> The answer is: you cannot, with or without confinement. First, just to get the
> terms straight, I assume that what you meant was:
>
> >Without confinement,
> >how is the statement that "A wrote **X**" supposed to be recorded in the
> >case of colluding A and B?
>
> That is, "A" and "B" are principals, and "X" is an object. Assume, for the sake
Well, that explains my confusion. I was wondering about domain A and domain/object B, and not about principals at all.
If A and B are at the mercy of the capability system for their current state, might it be possible to "back out" inappropriate communication after the fact, rather than to ensure that only appropriate communication was possible on every context switch? (in a distributed system, instead of requiring trusted code managing the keyspace mediating communication, could you allow direct communication between domains, but provide for audit when they wished to "commit"?)

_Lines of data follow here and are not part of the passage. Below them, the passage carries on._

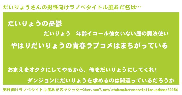 | 女子向けラノベタイトル風あだ名 | 『だいりょうの雑貨屋さん』 |
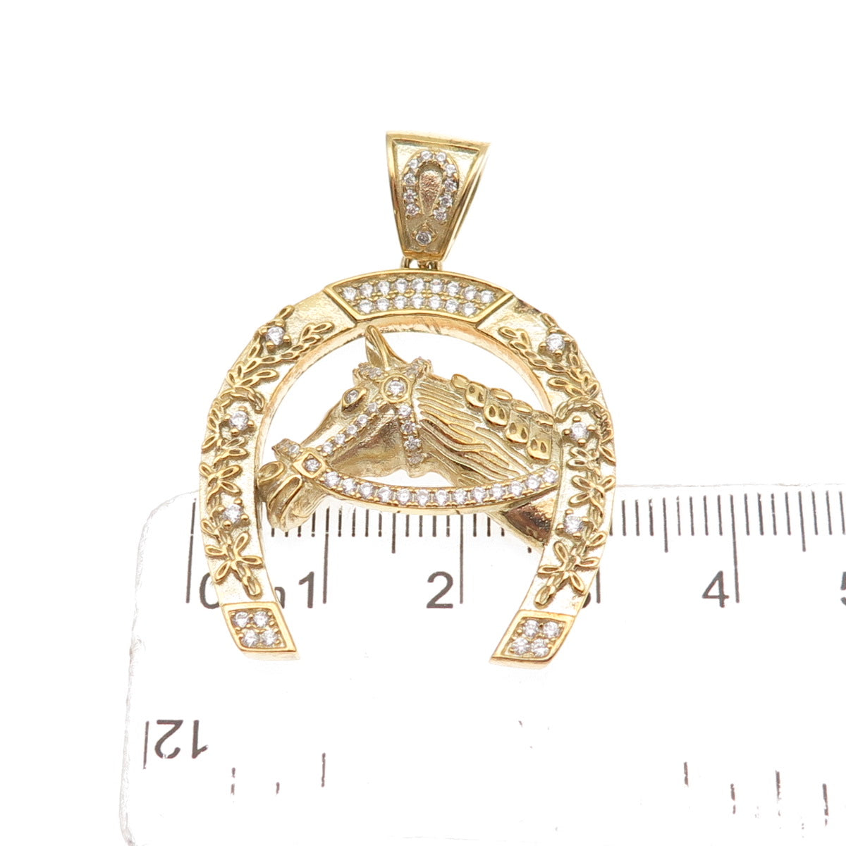 925 Sterling Silver Gold Plated Round-Cut C Z Horse & Horseshoe Pendant
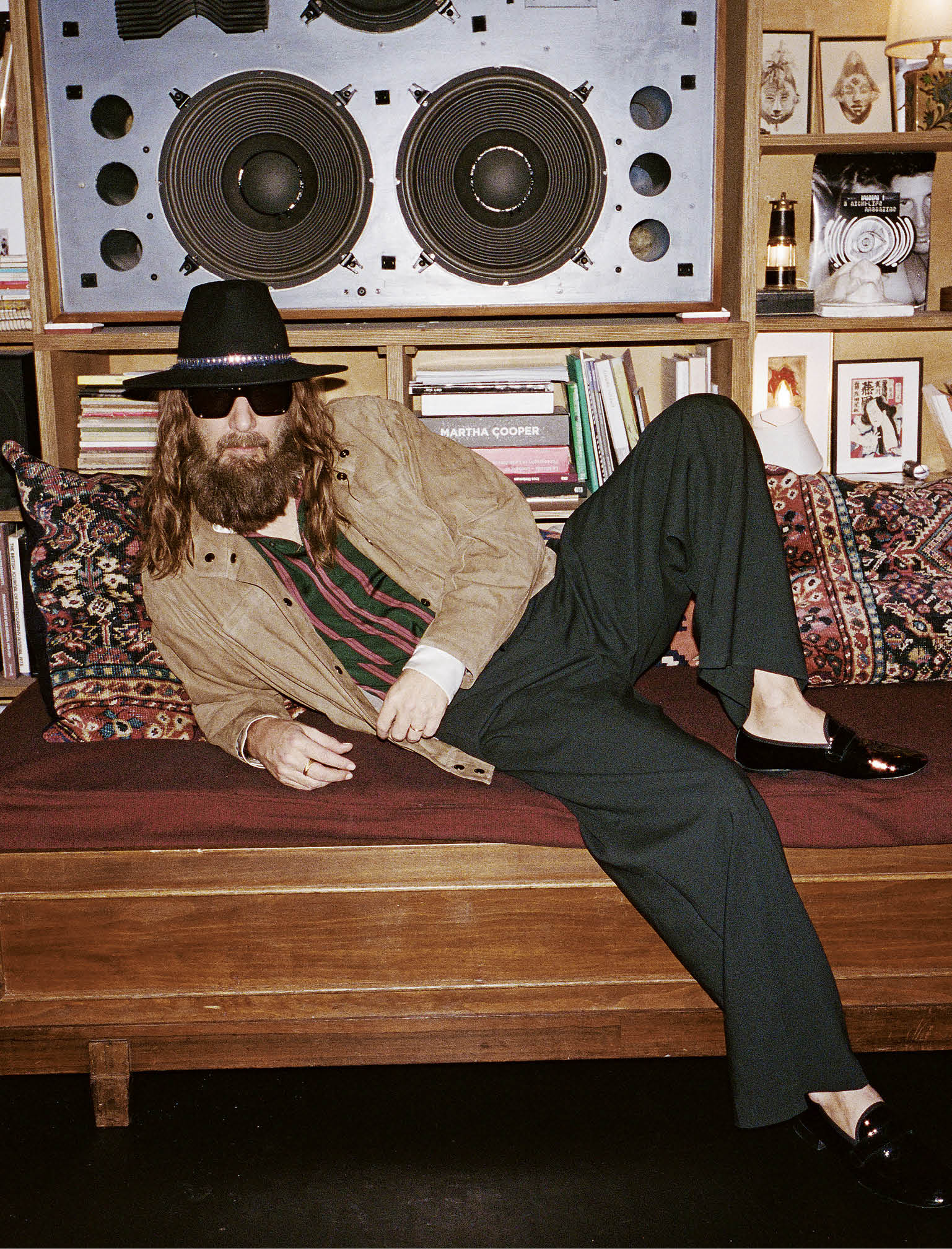 VESTE JACQUEMUS, CHEMISE GIORGIO ARMANI, PANTALON AMI PARIS, CHAPEAU MAISON MICHEL, LUNETTES DE SOLEIL SAINT LAURENT PAR ANTHONY VACCARELLO, BRACELET ET BAGUES DAVID YURMAN, MOCASSINS REPETTO, ALLIANCE PERSONNELLE.

I was inspired by a test system which, by postprocessing execution traces, could determine if data were being locked inconsistently in a multithreaded system. This seemed to be a counterpart to discretion: instead of proving beforehand that a set of domains would behave correctly, one could show afterwards that they had behaved incorrectly (and hence needed rework).
In other words: is it possible to allow limited key forgery while still retaining some of the benefits of a capability system? (can one be confident that domains have only used forged capabilities where they could have acquired legitimate ones?)
Now, if it is just as expensive to detect as to prevent, this is a pretty worthless idea. Also, if communication via data spaces is cheap enough, requiring intermediation only when actually exchanging keys may not be dear, and again this is a pretty worthless idea.
> which the confinement box can disclose things directly; the confinement contract
> is an *initial* contract; it's continuance depends on the actions of the client.
It sounds like you're saying here that confinement *would* help, if it weren't for the inconvenient fact that the users of a system live outside of the confinement?